11 Aug 2020
What impact has COVID-19 had on the automotive sector?
Coronavirus. The Rona. The 'current situation'. However you refer to it, you'll undoubtedly be aware of the ever-present impact of the current global Covid-19 pandemic.
The United Kingdom has been in lockdown since the 23rd March, 2020. During these last 4 months, the UK has seen limitations on non-essential businesses opening, legally enforced social distancing, and even restrictions on how many times you can exercise a day. There's no denying that the last few months have been incredibly stressful for individuals and businesses alike, and it's a great relief to many that we're gradually easing out of lockdown.
We're approaching at least some level of normality with pubs and restaurants reopening, nonessential travel on public transport being allowed, and progressively larger social gatherings being permitted (albeit still at a social distance).

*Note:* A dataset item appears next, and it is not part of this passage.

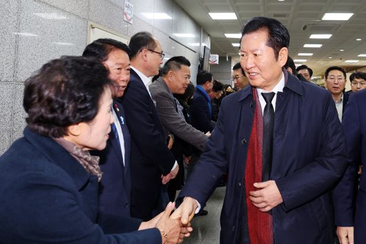 더불어민주당 정청래 대표가 29일 오전 전남 무안군 무안읍 승달문화예술회관에서 열리는 더불어민주당의 현장최고위원회의 참석에 앞서 지지자들과 인사를 하고 있다. 2025.12.29 [사진=연합뉴스] |
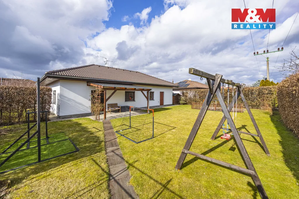Dispozice domu zahrnuje ložnici, dva dětské pokoje, koupelnu, samostatné WC, technickou místnost a garáž. O pocit bezpečí a klidu se stará kamerový systém.

In the grand scheme of things, the UK appears to be operating as normally as possible in the current climate. However, in reality, you'd be hard-pressed to find an industry that was performing to its full, pre-pandemic potential.
Of most interest is the automotive industry which, unsurprisingly, has not been immune to the detrimental effects of Coronavirus. The automotive industry and its workforce have felt the devastating impact of prolonged shutdown due to the nationwide lockdown.

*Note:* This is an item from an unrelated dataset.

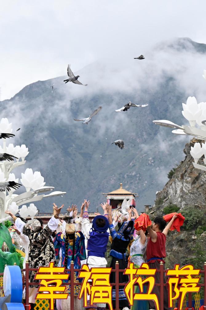2025年8月21日上午,西藏各族各界干部群眾約2萬人歡聚拉薩市布達拉宮廣場,熱烈慶祝西藏自治區(qū)成立60周年。這是彩車上的演員通過布達拉宮廣場時放飛鴿子。新華社記者 申宏 攝

The Society of Motor Manufacturers & Traders (SMMT) stated that the UK automotive sector is in need of a financial support package from the Government in order to recover from the economic devastation caused by the pandemic. The SMMT hopes that a financial support package would help to drive production demand and increase cashflow through automotive businesses. The package would hopefully also include limitless access to emergency funding, VAT cuts, and new policies aimed at improving customer confidence in the automotive sector.

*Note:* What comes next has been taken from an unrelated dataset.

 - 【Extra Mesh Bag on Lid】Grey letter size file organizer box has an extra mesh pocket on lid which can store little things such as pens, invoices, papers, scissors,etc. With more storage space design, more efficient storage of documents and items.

With this policy in place, the UK automotive sector may have the resources to recover from the continuing effects of Covid-19. Namely, over 6,000 UK automotive jobs have been cut since June due to lockdown, and a third of employed automotive workers currently remain in furlough. Whilst it's obviously the hope that these workers will be able to return to their jobs, current projections predict that 1 in 6 automotive workers may face redundancy. It's clear that the UK's automotive industry is in need of governmental support and funding to help the sector get back to its feet and keep the UK at the forefront of the global automotive industry.
Despite this aspiration, Covid-19 isn't the only crisis facing the UK's automotive sector. The SMMT has also warned that a hard Brexit from the European Union could exacerbate the automotive industry's troubles. The SMMT chief executive, Mark Hawes, has stated that Brexit negotiations must be prioritised in order to secure a comprehensive Free Trade Agreement (FTA) with the EU to make recovery possible. The SMMT hope for an FTA which maintains tariff and quota-free trade, enabling the UK automotive industry to remain a major player in foreign investment and trade.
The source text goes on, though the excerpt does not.